As sanctions continue to make headlines, the English Commercial Court's recent decision in MUR Shipping BV v RTI Ltd1 demonstrates the impact these wide-reaching prohibitions and restrictions can have on apparently unconnected transactions. The case, in which it was held that the exercise of reasonable endeavours under a force majeure provision did not require a party to sacrifice their rights to contractual performance in circumstances where sanctions would otherwise bite, should also be welcomed by commercial parties as a helpful confirmation of English law's respect for party autonomy.
The claimant shippers entered into a contract of affreightment ("COA") with the defendant charterers in 2016 to carry consignments of bauxite from Guinea to Ukraine, with freight payable in US dollars. The COA provided that neither party would be liable to the other for loss in the event of a "force majeure event" which could not be "overcome by reasonable endeavours from the party affected".
In April 2018, the US Government imposed sanctions on the charterers' parent company. The shippers invoked the COA's force majeure clause on the basis that it would be a breach of sanctions for them to continue performance of the COA, and that the sanctions prevented US dollar payments by the charterers. The charterers disagreed that sanctions would interfere with cargo operations and proposed that payment be made in euros. The shippers rejected that suggestion as payment in euros was not provided for under the contract and such an arrangement would therefore constitute non-contractual performance. The shippers declined to nominate ships under the COA until a licence was granted by the US authorities allowing normal trading activities to continue. The charterers obtained alternative tonnage for this period and brought a claim against the shippers for the additional costs incurred.

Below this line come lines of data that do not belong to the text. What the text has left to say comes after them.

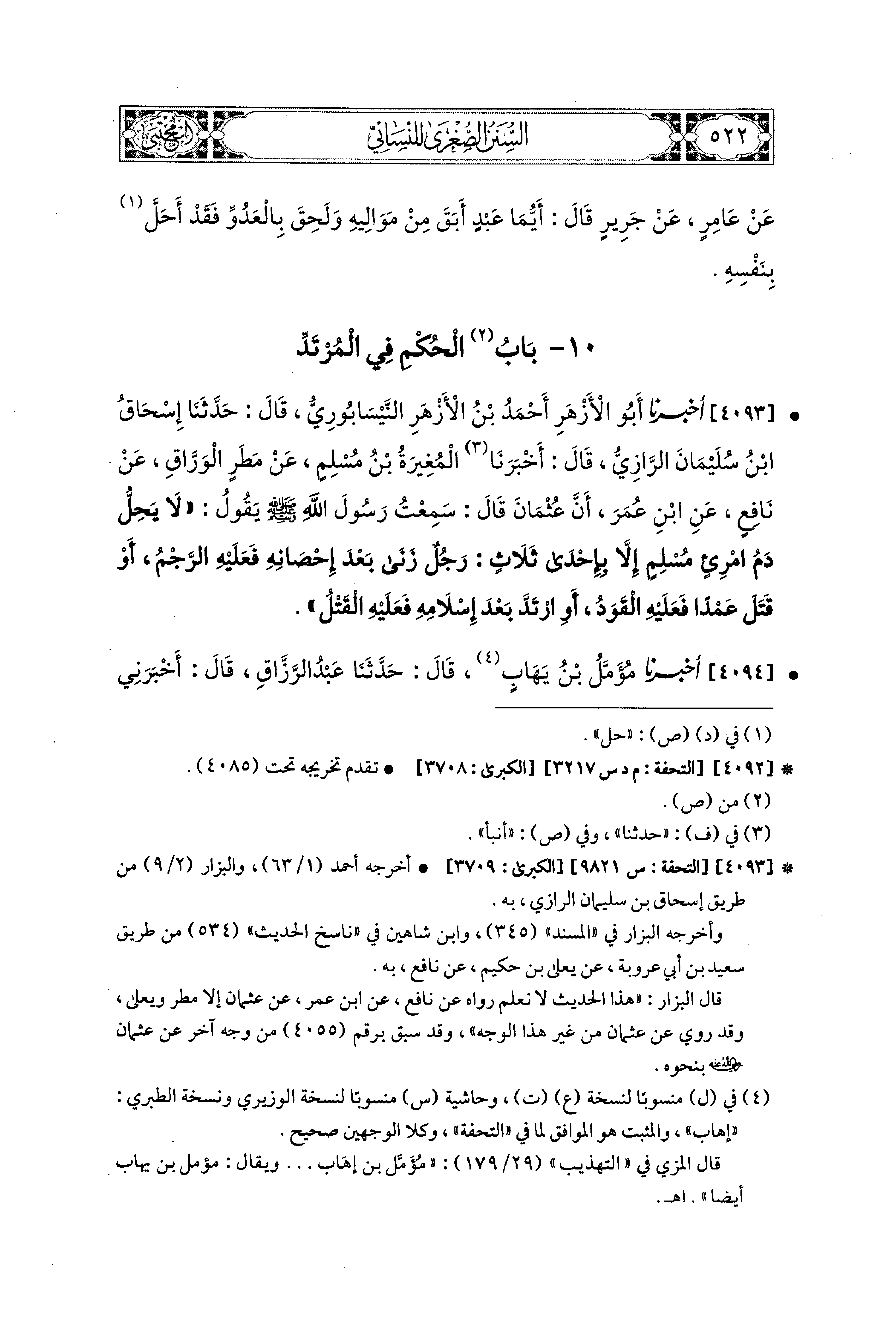 4094 - أَخبَرَنا مُؤَمَّلُ بْنُ إِهَابٍ، قال: حَدثنا عَبدُ الرَّزَّاقِ، قَالَ: أَخْبَرَني ابْنُ جُرَيْجٍ, عَن أَبِي النَّضْرِ، عَن بُسْرِ بْنِ سَعيدٍ، عَن عُثمَانَ بْنِ عَفَّانَ، قَالَ: سَمِعْتُ رَسُولَ اللهِ صَلى الله عَليه وسَلم يَقُولُ: لاَ يَحِلُّ دَمُ امْرِئٍ مُسْلِمٍ إِلاَّ بِثَلاَثٍ (1): أَنْ يَزْنيَ بَعْدَ مَا أُحْصِنَ، أَوْ يَقْتُلَ إِنْسَانًا فَيُقْتَلُ، أَوْ يَكْفُرَ بَعْدَ إِسْلاَمِهِ فَيُقْتَلُ.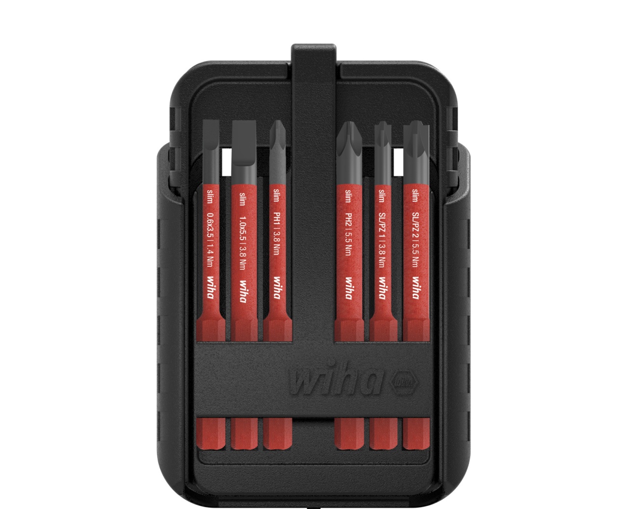 K dosažení hluboko položených šroubů je u obvyklých šroubováků pro elektrikáře průměr dříku často příliš velký. Odstranění izolace není však přístupné a navíc ohrožuje vlastní bezpečnost. U slimTECHNOLOGY Wiha, speciálně vyvinuté pro elektrikářské aplikace, byla do dříku integrována ochranná izolace k zeštíhlení dříků až o 33 %. Tak mohou být se slimBits bez námahy dosažitelné hluboko položené šroubové a pružinové prvky. Izolované slimBits jsou podrobeny kusové zkoušce podle mezinárodní normy IEC 60900 a umožňují bezpečnou práci v oblasti dílů pod napětím do 1 000 V AC. SlimBits jsou uloženy ve dvou vzájemně kombinovaných boxech na nástavce, které umožňují optimální pohled na profily šroubů. Díky přiloženému klipsu na opasek jsou boxy slimBit perfektním průvodcem při mobilním nasazení.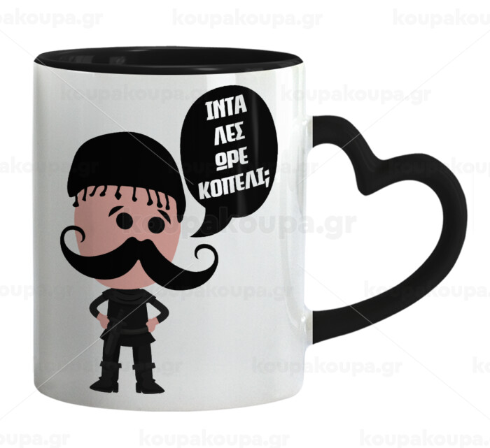 Κρητικός "Ίντα λες ωρέ κοπέλι", Κούπα καρδιά χερούλι μαύρη, κεραμική, 330ml

The dispute proceeded to arbitration. The tribunal ultimately concluded, on the basis of expert evidence, that the imposed sanctions would not have prevented payment under the COA. However, it was highly probable that any US intermediary bank through which the dollar payments were routed would have exercised extreme caution in making payment. Given the potentially serious consequences that can flow from a failure to comply with the relevant sanctions legislation, the shippers were entitled to take time to review the situation, subject to the "reasonable endeavours" qualification in the force majeure clause. In this respect, the tribunal concluded that the charterers' proposal that payment be made in euros was a realistic alternative which, as a matter of reasonable endeavours, the shippers should have accepted. Accordingly, the shippers were unable to rely on the force majeure clause and were found liable for damages in excess of $2 million. The shippers appealed to the English Commercial Court under section 69 Arbitration Act 1996.
The issue before the Commercial Court
Amongst other matters, the shippers' appeal raised a key question of law: would reasonable endeavours in this context extend to accepting payment in (non-contractual) euros, in place of (contractual) US dollars?
The charterers submitted that, where a question arises as to the exercise of reasonable endeavours, the significance of any contractual obligation is simply one factor to be weighed in the balance in deciding the overall question of reasonableness, and the overall question was one for the tribunal to determine. However, Mr Justice Jacobs firmly rejected this proposition, which he noted was not supported by authority. He concluded that a party is not required, by the exercise of reasonable endeavours, to accept non-contractual performance in order to circumvent the effect of a force majeure (or similar) clause. A relevant contractual obligation is not simply a factor to be weighed in the balance when coming to an overall assessment of reasonableness.
The charterers also contended that, even if reasonable endeavours did not require a party to accept non-contractual performance in relation to the place of discharge or nature of cargo, the fact that euros could be readily converted to dollars meant that it should be accepted in this case. Again, Mr Justice Jacobs rejected the proposition, noting that it was both undesirable and difficult to weigh up the relative importance of different aspects of the contract, and was likely to lead to considerable uncertainty in the operation of force majeure clauses.
In this case, there was a contractual right to receive payment in US dollars, and a contractual obligation to make payment in US dollars. This right and obligation formed part of the parties' contractual agreement, and any requirement for reasonable endeavours could not require a party to take steps to achieve a result which formed no part of the parties' contractual agreement.
Now, more than ever, this case provides timely clarity on the steps parties are expected to take in addressing the contractual uncertainties that may arise with the imposition of international sanctions, as well as in other potential force majeure situations like the COVID-19 pandemic. It will no doubt come as a relief to many that the position is clear: where a force majeure provision requires it, then parties must undertake reasonable endeavours to fulfil their contractual rights and obligations – no less, but also no more.
In reaching his decision, Mr Justice Jacobs recognised the risk of contractual rights beginning to lose their meaning altogether if reasonable endeavours obligations in this context are extended too far. For, if the test turns on what is reasonable in a case, notwithstanding the contractual agreement between the parties, what is a contractual right at all? The decision in MUR Shipping BV v RTI Ltd affirms the foundational English contract law principle of the respect for party autonomy and its upcoming appeal will be followed with interest.